すきすき
「お前ら俺のプリン食ったな?!」
「「食べてないよ〜ぅ」」
「じゃあ口についてるカラメルはなんだ!」
ゴンッ
「「ごむぇん、兄ちゃん〜!」」
俺と一緒に兄ちゃんに怒られてるのは今年中学生になった河田家の末っ子、名前。その可愛らしい外見は突然変異としか説明できないくらい家族の誰にも似てなくて本人は「私、お母さんの本当の子供じゃないのかな」って落ち込んでたけど、俺からしてみれば、大食いなところとか「うはっ」ていう笑い方とか兄ちゃんソックリだし。名前を知る人は皆、中身は俺と似てるって言うし。むしろ外見なんて、俺らや母ちゃん(ゴメェン)に似なくて良かったと思う。女の子だし。
「なんで俺だけ殴られるの〜?」
兄ちゃんに殴られた頭をさする。痛いよ・・・。名前は何もされてないのに俺を見て痛そうに顔を歪めてた。どうして?
「名前は女の子だから殴れないだろーが!可愛いし」
「え〜また?!ズルいよ」
「ごめんね兄ちゃんだいすき!お詫びに明日、プリン買ってくるねぇ」
名前がタックルするみたいに兄ちゃんに抱きく。兄ちゃんは俺にはしない優しい手つきでその頭を撫でた。名前が可愛いのは分かるけどこれじゃあんまりだ!プリンだって名前が一緒に食べようって持ってきたし、俺より多く食べてたのに!
「うぅ・・・」
俺が悔しくて唸ってると、兄ちゃんにくっついてた名前が俺の横に来た。「美紀ちゃん痛かった?」って俺の殴られた頭を撫でてくる。「大丈夫」って言ったら「美紀ちゃんにもプリン買ってくるから泣かないで?」って笑いかけられる。子供扱いされてるみたいだけど、なんだかどうでも良くなってしまった。いつもそうだ。喧嘩したって怒られたって名前がいるとすごく落ち着いて、許せちゃうから不思議だ。
「兄ちゃんも美紀ちゃんもすきだよ〜」
名前は口を開けば俺たちにすきって言ってくれるけど、もちろん俺たちだってそうなんだよ。母ちゃんも父ちゃんも兄ちゃんも俺も、末っ子の名前の事が可愛くて仕方ないんだ。
だから、
「あ!沢北さんからメールだ〜」
「あ、名前、それ言っちゃ・・・」
「沢北ァ!?」
兄ちゃんが珍しくバッと名前から携帯を取り上げた。
「今度の試合見に来てね♪・・・だと?人の妹にこんなメール送りやがって!調子こいてるべ!許さん!!」
そう言って明日、沢北さんにどうやってプロレス技をかけようか考え出した兄ちゃん。・・・今の兄ちゃんには近づかない方がいいかなあ。練習台になれとか言われたら嫌だもんね。

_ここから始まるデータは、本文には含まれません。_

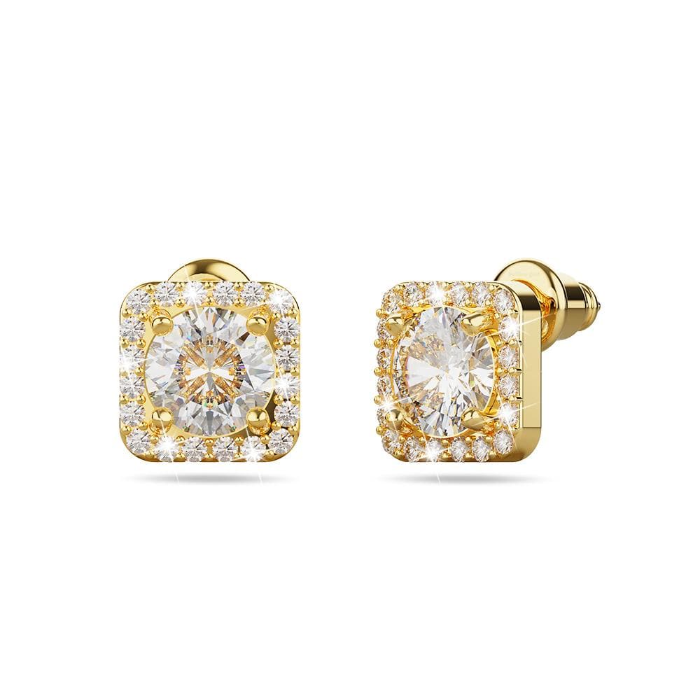Meissa Cube Gold Stud Earrings, an eye-catching pair of earrings that will leave you feeling bedazzled. This pair of stud earrings features a bold designer look at a fraction of the cost. They would be a perfect match for your favourite dress or dressy top. Adorned with stunning zirconia crystals, this women’s jewellery set is also layered with 18ct gold copper, making it durable and extra sparkly. Perfect for that ultra-chic look you were going for!

「兄ちゃん、沢北さんと仲良くすると怒るのなんでかなあ?ね、美紀ちゃん」
「う〜ん。名前の事が心配だからじゃないかなあ〜」
「心配しなくてもちゃんと、兄ちゃんと美紀ちゃんの応援しに行くのにな〜」
兄ちゃんに持っていかれた携帯を取り返すでもなくそう言う名前。
まだまだ兄ちゃんや俺が近くにいるうちは、名前に出会いや恋愛なんてありそうにない。
「過保護だよね!」
「兄ちゃんも俺も名前のことすきだからだよ〜」
「私の方がすきだよぉ!」
「沢北さんよりも?」
「当たり前だよ!兄ちゃんたちの方がずっとすきっ」
俺の背中に凭れてくる名前に口元がにやける。これじゃあ兄ちゃんも俺も、当分妹離れは出来そうにないなあ。